Ce phénomène rejoint l’idée d’une « bifurcation métastable » lors du développement. Habituellement, on considère que les erreurs épigénétiques se produisent plus tard sous la pression de l’environnement (stress oxydatif, inflammations chroniques, toxiques...). Ici, la découverte est différente : cette variabilité épigénétique « intrinsèque » naît de manière plus ou moins aléatoire et s’installe durablement dès les phases précoces de l’organogenèse. Les analyses du transcriptome et de la méthylation suggèrent qu’un certain nombre de gènes directement liés à la croissance cellulaire ou à la réparation de l’ADN seraient plus susceptibles de « basculer » vers un état permissif ou restrictif pour le développement tumoral.

Fait notable, les auteurs observent que ce même jeu de gènes subit fréquemment des mutations dans les cancers humains, ce qui fait écho à la possibilité que certaines personnes naissent avec un « fond » épigénétique rendant ces gènes plus vulnérables aux événements oncogéniques ultérieurs. Par ailleurs, la distribution de ces deux états épigénétiques serait relativement homogène dans l’ensemble des organes, ce qui soulève la perspective que cette hétérogénéité précoce influence non seulement le risque de cancer, mais aussi son type et sa vitesse de progression.

Il faut repenser la prévention et développer des tests prédictifs

D’après les auteurs, ces travaux placent « l’épigénétique précoce » sur le devant de la scène. Jusqu’ici, la carcinogenèse était surtout décrite comme un phénomène d’accumulation de mutations accompagnée d’événements épigénétiques tardifs.
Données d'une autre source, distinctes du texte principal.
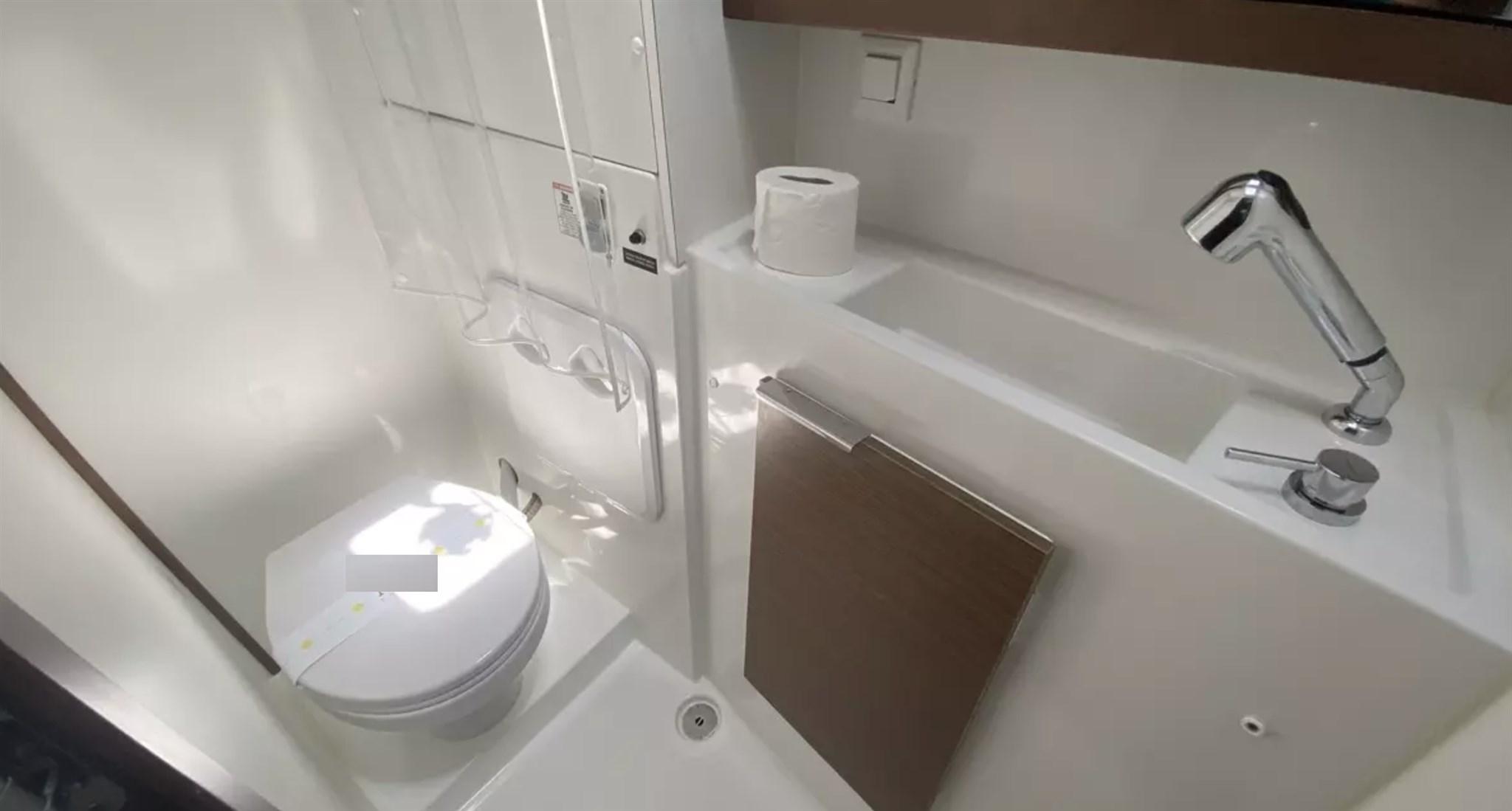 Acqua Calda, Boiler, Indicatore del Serbatoio dell’Acqua, Indicatore del Serbatoio delle Acque Reflue, Inverter (2000W Mastervolt), Prese interne 12v, Prese interne 220v, Serbatoio Acque Nere, 4 WC marino elettrico.

La démonstration qu’un déterminant épigénétique s’instaure durant l’embryogenèse ou la période néonatale ouvre une nouvelle ère. Comprendre le moment exact de cette « bifurcation » épigénétique pourrait permettre d’envisager des stratégies de dépistage précoces ou de moduler la plasticité épigénétique via des interventions (nutritionnelles, médicamenteuses, etc.) dirigées sur la période la plus critique du développement.
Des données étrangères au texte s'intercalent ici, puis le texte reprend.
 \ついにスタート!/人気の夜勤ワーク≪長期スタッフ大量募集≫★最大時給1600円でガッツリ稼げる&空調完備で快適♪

Sur le plan clinique, la perspective de classifier certains patients comme ayant un « morph » plus ou moins susceptible pourrait à terme affiner la stratification du risque. Ainsi, au même titre que des signatures génétiques sont utilisées pour évaluer la probabilité de rechute ou la réponse à un traitement, on peut imaginer une « signature épigénétique de naissance » permettant une surveillance accrue chez les individus prédisposés, voire un diagnostic plus précoce.
Contrairement aux mutations de l’ADN, l’épigénome est potentiellement réversible. Divers inhibiteurs d’enzymes épigénétiques (déméthylases, méthyltransférases, histone-désacétylases) sont déjà en évaluation clinique. Dans ce scénario, cibler tôt les signatures épigénétiques anormales pourrait bloquer la cascade oncogénique, même si elle n’est pas encore morphologiquement apparente.

En somme, ces résultats illustrent à quel point la compréhension de l’héritage épigénétique, avant tout dommage environnemental ou mutationnel, peut influer sur la probabilité de développer un cancer. Ils ouvrent la voie à une nouvelle discipline, l’« épigénétique de la susceptibilité », qui vise à caractériser et, pourquoi pas, réorienter la trajectoire épigénétique de certains patients depuis les premiers stades de la vie.